Who’s in charge? It’s falling to us, the people. We’re in charge. Problem is, we’re not ready. We’ve used the internet so far to organize some knowledge and yell at each other. We are just beginning to create the tools to organize ourselves. If only the meltdown of every authority structure could have waited a few years. Then again, necessity is the mother of organization. New structures don’t replace old structures while they’re still in place. New structures fill voids. And, boy, do we have some voids to fill.

Two paragraphs from the end of my book:

Whatever causes they take up, Generation G will be able to organize without organizations, as Clay Shirky wrote in Here Comes Everybody. That ability to coalesce will have a profound destabilizing impact on organizations. We can organize bypassing governments, borders, political parties, companies, academic institutions, religious groups, and ethnic groups, inevitably reducing their power and hold on our lives.

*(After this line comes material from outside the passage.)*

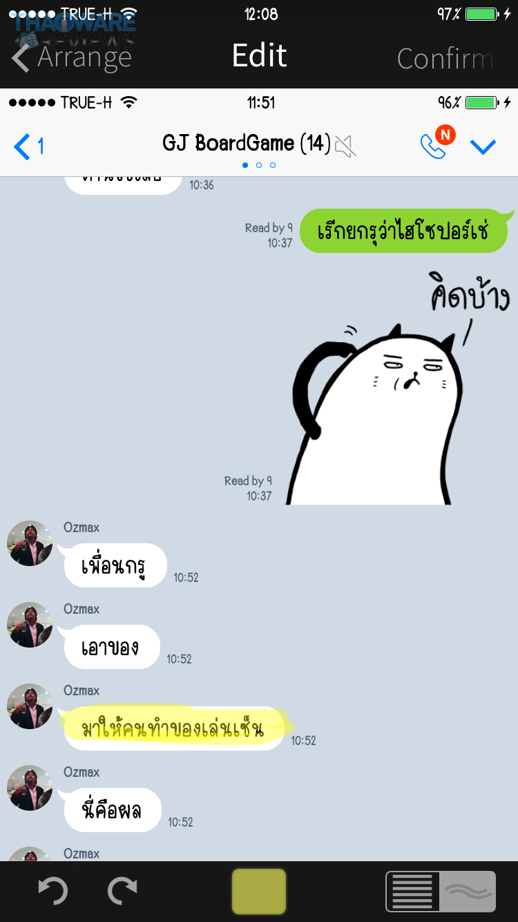 เราจะได้ภาพที่ต่อกันยาวๆ มาละ ทีนี้อยากจไฮไลต์ข้อความตรงไหนเป็นพิเศษก็บรรเลงให้เต็มที่ด้วยการใช้เครื่องมือที่อยู่ด้านล่าง หากเรียบร้อยแล้วก็กด Confirm ที่ด้านขวาบน ตรวจเช็คความเรียบร้อยครั้งสุดท้าย จากนั้นกด Done เพื่อบันทึกภาพ

In an essay in Foreign Affairs in 2008, Richard Haass argued that the world structure is moving from bi- and unipolarity (i.e., the Cold War and its aftermath) to nonpolarity (i.e., no one’s in charge). We are in an open marketplace of influence. Google makes it possible to broadcast our interests and find, organize, and act in concert with others. One need no longer control institutions to control agendas.

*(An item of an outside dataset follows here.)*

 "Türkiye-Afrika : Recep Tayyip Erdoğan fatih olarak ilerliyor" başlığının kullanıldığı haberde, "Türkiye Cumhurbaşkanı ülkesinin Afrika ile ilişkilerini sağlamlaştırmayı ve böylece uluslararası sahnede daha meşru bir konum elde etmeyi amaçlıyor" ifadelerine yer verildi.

Haass chronicles the dilution of governments. Bloggers Umair Haque and Fred Wilson have written about the fall of the firm, and earlier I examined the idea that networks are becoming more efficient than corporations. In my blog, I follow the crumbling of the power of the fourth estate, the press. One could debate the stature and power of the first estate, the church. What’s left? The internet is fueling the rise of the third estate—the rise of the people. That might bode anarchy except that the internet also brings the power to organize.

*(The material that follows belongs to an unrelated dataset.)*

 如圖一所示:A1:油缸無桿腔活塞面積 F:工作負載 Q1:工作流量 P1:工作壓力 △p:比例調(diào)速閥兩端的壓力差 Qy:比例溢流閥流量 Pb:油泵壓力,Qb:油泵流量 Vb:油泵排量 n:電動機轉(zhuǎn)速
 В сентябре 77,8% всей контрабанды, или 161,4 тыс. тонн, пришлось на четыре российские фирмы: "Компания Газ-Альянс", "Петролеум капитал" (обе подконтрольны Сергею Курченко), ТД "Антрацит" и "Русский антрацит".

Our organization is ad hoc. We can find and take action with people of like interest, need, opinion, taste, background, and worldview anywhere in the world. I hope this could lead to a new growth in individual leadership: Online, you can accomplish what you want alone and you can gather a group to collaborate. Being out of power need not be an excuse or a bar from seeking power. That may encourage more involvement in communities and nations—witness the youth armies that gathered in Facebook around Barack Obama, a powerful lesson for a generation to have learned.

But in the pinch and crunch, we still haven’t managed to elect candidates truly of the people: the first politician to emerge from the web. We haven’t created financial networks of scale; Prosper.com is cute but it’s not the next BofA. We are only beginning to organize the new infrastructure of information and news; Wikipedia and Digg are fast and big but shallow.

I’m reminded of Bob Garfield’s chaos scenario for advertising, in which he argued that the old media world would crumble before the new media world was ready for marketers and advertising dollars would fall into the crevice between. That is what is happening with our political and financial and industrial and journalistic leadership. The old is crumbling fast — and angry voters yesterday helped push it over the cliff. But what now?